#### [What you are asked to do]
Reproduce the entire listing exactly as written, apart from its pictures.

#### [Recorded data]
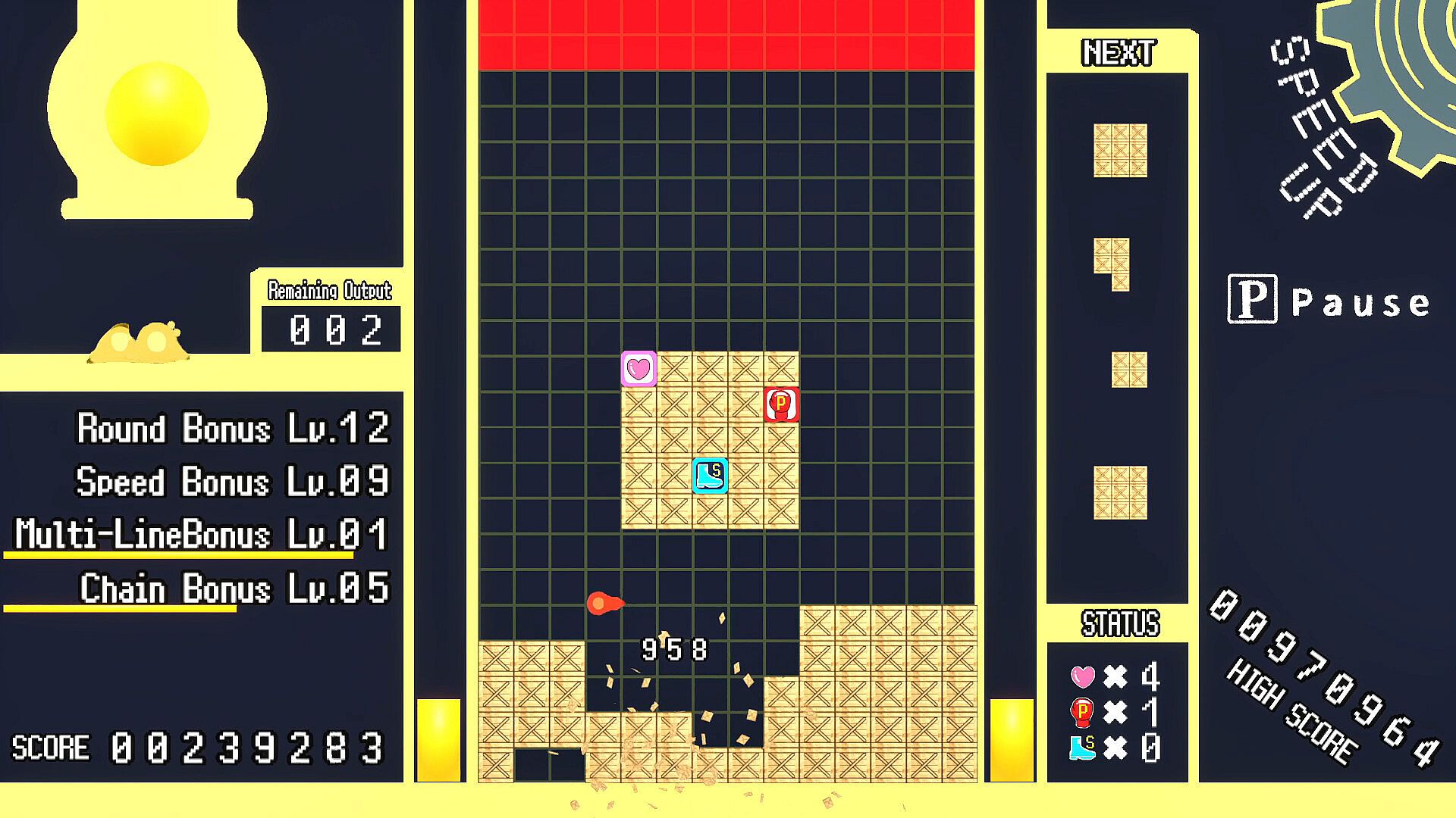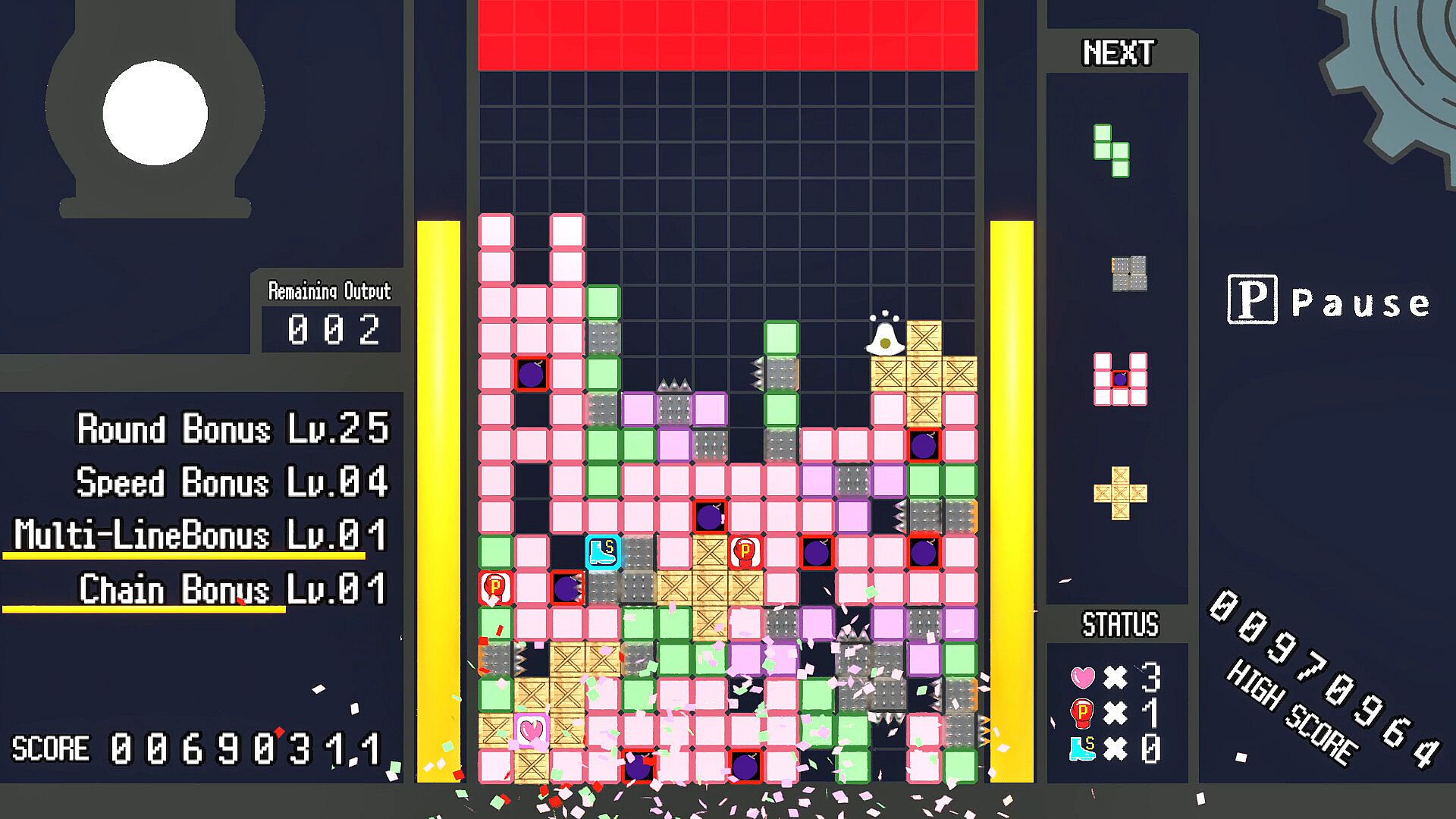 ZeliFactory is a falling-block puzzle × 2D action game where you simultaneously control the blocks falling from above and a freely moving Zeli on the screen, clearing lines to earn high scores.
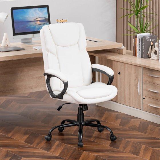 Mainstays Executive Ergonomic High Back Leather Home Office Desk Chair, White
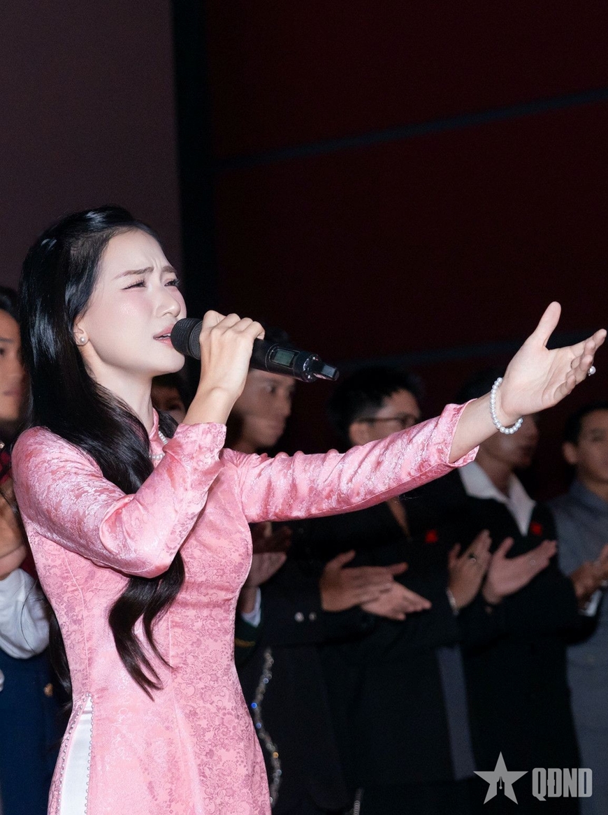 | Nữ ca sĩ hát mộc bài "Nỗi đau giữa hòa bình" sau khi kết thúc bộ phim khiến khán giả xúc động. |
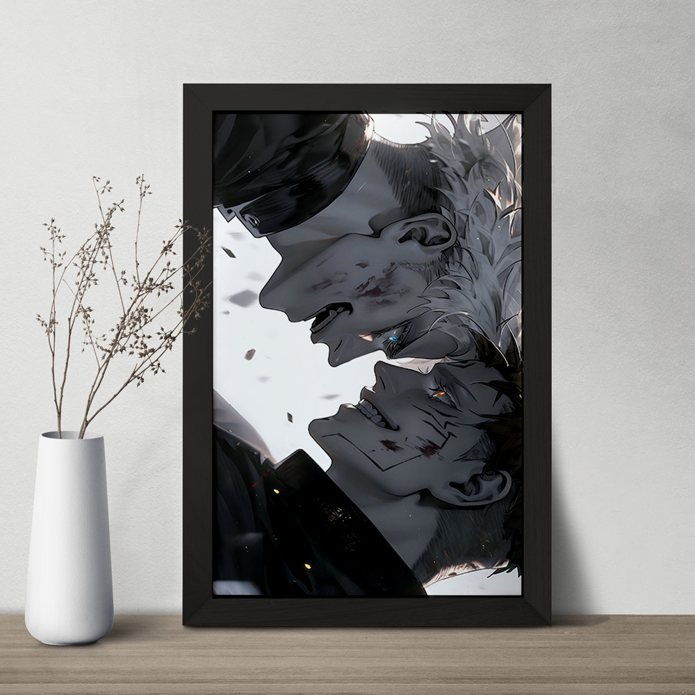 تابلو یا قاب عکس گوجو و سوگورو انیمه جوجوتسو کایسن خندالو در ابعاد مختلف با استفاده از بهترین برند پروفیل پی وی سی دو سانتی متری بسیار مرغوب، تولید شده اند و در مونتاژ و نصب آنها نهایت دقت در قرارگیری هر چه دقیق تر لبه ها به یکدیگر صورت گرفته است. همچنین در پشت قاب ها گیره ای برای اتصال راحت به دیوار تعبیه شده است. چاپ طرح تابلوی گوجو و سوگورو انیمه جوجوتسو کایسن با بالاترین کیفیت بوسیله چاپگرهای دیجیتال شش رنگ و کاغذ با کیفیت عکاسی انجام شده و بر روی آن شیشه ای با کیفیت و شفاف در سطح قاب قرار گرفته که از کاغذ عکس محافظت میکند. بسته بندی تابلوها جعبه های مقاوم و محکمی بوده که علاوه بر محافظتی که از بدنه قاب می کند، ظاهر جذابی دارد و تابلوی گوجو و سوگورو انیمه جوجوتسو کایسن را بدل به محصولی مناسب هدیه کرده است. تابلوهای خندالو با تنوع طرحی بسیار بالا شامل تابلو های دکوراتیو قابل استفاده در اتاق کودک، محل کار و منازل می باشد که سلیقه هر مخاطبی را پوشش می دهد، ضمن اینکه امکان تعویض عکس موجود در قاب وجود داشته و می توان عکس های خانوادگی و … را نیز در آن قرار داد.

#### [Output]
 ZeliFactory is a falling-block puzzle × 2D action game where you simultaneously control the blocks falling from above and a freely moving Zeli on the screen, clearing lines to earn high scores.
 Mainstays Executive Ergonomic High Back Leather Home Office Desk Chair, White
 | Nữ ca sĩ hát mộc bài "Nỗi đau giữa hòa bình" sau khi kết thúc bộ phim khiến khán giả xúc động. |
 تابلو یا قاب عکس گوجو و سوگورو انیمه جوجوتسو کایسن خندالو در ابعاد مختلف با استفاده از بهترین برند پروفیل پی وی سی دو سانتی متری بسیار مرغوب، تولید شده اند و در مونتاژ و نصب آنها نهایت دقت در قرارگیری هر چه دقیق تر لبه ها به یکدیگر صورت گرفته است. همچنین در پشت قاب ها گیره ای برای اتصال راحت به دیوار تعبیه شده است. چاپ طرح تابلوی گوجو و سوگورو انیمه جوجوتسو کایسن با بالاترین کیفیت بوسیله چاپگرهای دیجیتال شش رنگ و کاغذ با کیفیت عکاسی انجام شده و بر روی آن شیشه ای با کیفیت و شفاف در سطح قاب قرار گرفته که از کاغذ عکس محافظت میکند. بسته بندی تابلوها جعبه های مقاوم و محکمی بوده که علاوه بر محافظتی که از بدنه قاب می کند، ظاهر جذابی دارد و تابلوی گوجو و سوگورو انیمه جوجوتسو کایسن را بدل به محصولی مناسب هدیه کرده است. تابلوهای خندالو با تنوع طرحی بسیار بالا شامل تابلو های دکوراتیو قابل استفاده در اتاق کودک، محل کار و منازل می باشد که سلیقه هر مخاطبی را پوشش می دهد، ضمن اینکه امکان تعویض عکس موجود در قاب وجود داشته و می توان عکس های خانوادگی و … را نیز در آن قرار داد.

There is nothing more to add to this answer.